The 60D is (from what I have read) a very capable camera both in terms of image quality, and AF accuracy and speed. The lens is definitely important too, in terms of focusing speed and accuracy. With more information we should be able to help you achieve better action shots.


----------



## mattg60d (May 3, 2011)

Im new to photography but ill do my best to answer your questions lol

as far as the lens is, i am using the one my camera came with which is the EF-S 18-135mm
the shutter speed i believe is 1/125 (not too sure)
shot in the action mode on AI servo


----------



## mattg60d (May 3, 2011)

Here is an example:




IMG_3042 by MattG203, on Flickr


----------



## neuroanatomist (May 3, 2011)

mattg60d said:


> Im new to photography but ill do my best to answer your questions lol
> 
> as far as the lens is, i am using the one my camera came with which is the EF-S 18-135mm
> the shutter speed i believe is 1/125 (not too sure)
> shot in the action mode on AI servo



The 18-135mm f/3.5-5.6 IS lens has an AFD (micromotor) focusing mechanism, meaning it's comparitively slow (vs. ring USM = ultrasonic motor, which is found in better lenses). So, its possible that your lens' AF can't keep up with the action.

A shutter speed of 1/125 is not going to be fast enough to stop fast-pased action like lacrosse. Unfortunately, with a Basic Mode setting like Sports Mode, you cannot choose a shutter speed. I'd recommend getting away from the Basic Modes. Start off using Tv and Av, and set your ISO to Auto - with Tv selected, you can push up your shutter speed. 

Typical settings for sports would be 1/500 - 1/1000 s shutter speed, and in Tv mode with Auto ISO, the camera will set the rest of the exposure. Continuous shooting, AI Servo mode.


----------



## neuroanatomist (May 3, 2011)

mattg60d said:


> Here is an example:



Night match, bad lighting. You're already at ISO 3200 (as high as you can go without expanding that setting), and 1/125 is not enough to stop the action. Part of the limitation is your lens - f/5.6 is slow. For example, if you were shooting with a 70-200mm f/2.8, f/2.8 would allow you two more stops, so that shot could have been 1/500 s which would stop the action more effectively. A 135mm f/2L (a great lens for sports in poorly lit settings) would get you to 1/1000 s.

My advice about Tv mode above wouldn't have helped for that shot - you were already at your camera+lens' limits for exposure with that amount of light (although ISO expansion could buy you two stops, at the cost of a very noisy image - but for that, you'd have to set that in custom functions, and manually set ISO to the expanded value, meaning no Sports Mode).


----------



## acoll123 (May 3, 2011)

I agree with Neuro - shutter of 1/500 is minimum for almost all action sports.

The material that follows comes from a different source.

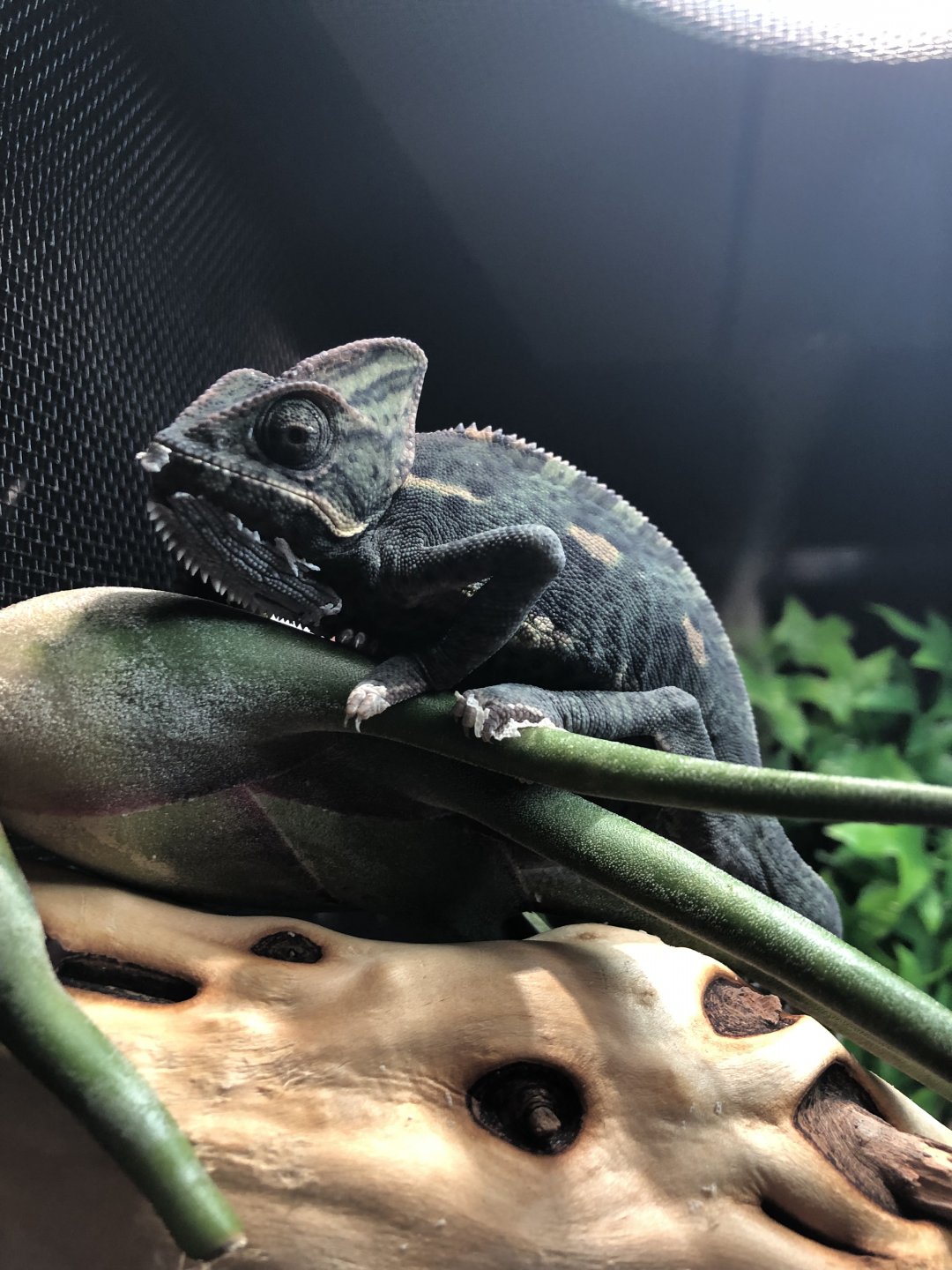 I am currently using the lighting that came with the reptibreeze kit, and they are keeping the basking spot at about 80 degrees. When Cham is basking, she is pretty dark and doesn't turn light green until night time, is this normal?

At night on auto, your camera will probably max out your ISO (3200 I think for the 60D) so you will see some grain in the shots, but that will be better than blurry shots. . . You might try positioning yourself and waiting for the action in the brightest lit areas of the field.
Using AI Servo will take practice to keep the focus point on the players as they move around. I only use a single focus point (usually the center point) when I shoot sports with my 7D. You might also try using one-shot mode - just remember you need to manually re-acquire focus quite often. This might help if you find your lens is "hunting" for a focus point and your shots are focused beyond the subject you intended.

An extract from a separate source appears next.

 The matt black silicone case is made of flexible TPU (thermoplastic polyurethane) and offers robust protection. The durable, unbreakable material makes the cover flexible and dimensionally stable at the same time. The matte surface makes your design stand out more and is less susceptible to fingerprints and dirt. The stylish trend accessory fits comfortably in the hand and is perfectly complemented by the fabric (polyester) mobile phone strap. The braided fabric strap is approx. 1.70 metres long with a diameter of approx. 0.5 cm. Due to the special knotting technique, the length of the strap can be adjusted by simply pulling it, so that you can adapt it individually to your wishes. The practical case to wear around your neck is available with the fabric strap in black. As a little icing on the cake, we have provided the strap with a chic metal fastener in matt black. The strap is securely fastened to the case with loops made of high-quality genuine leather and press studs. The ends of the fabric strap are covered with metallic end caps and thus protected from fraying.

If you shoot a game during the day, try 1/1,000 shutter and maybe overexpose by 1/2 stop - since the players wear masks, their faces will be somewhat shadowed and the overexposure will help with that.


----------



## TexPhoto (May 3, 2011)

That's a great camera, and a pretty good lens. But night sports is a tough environment and really calls for big, expensive glass.

I shoot a lot of night sports with a 7D and generally go with: 1/200 second, ISO 1600, and from a monopod. I also use a 540 EXII speedlight when I can (highschool) games. turn to M on the flash, 1/128 power.

Your f5.6 lens is your biggest problem with night games. I have a 70-200 f2.8 IS II, which is awsome, but way exspensive. A friend shoots with the 70-200 f4 IS and while good, the 2.8 is much better. I turn my IS to mode II, and pan as much as I can.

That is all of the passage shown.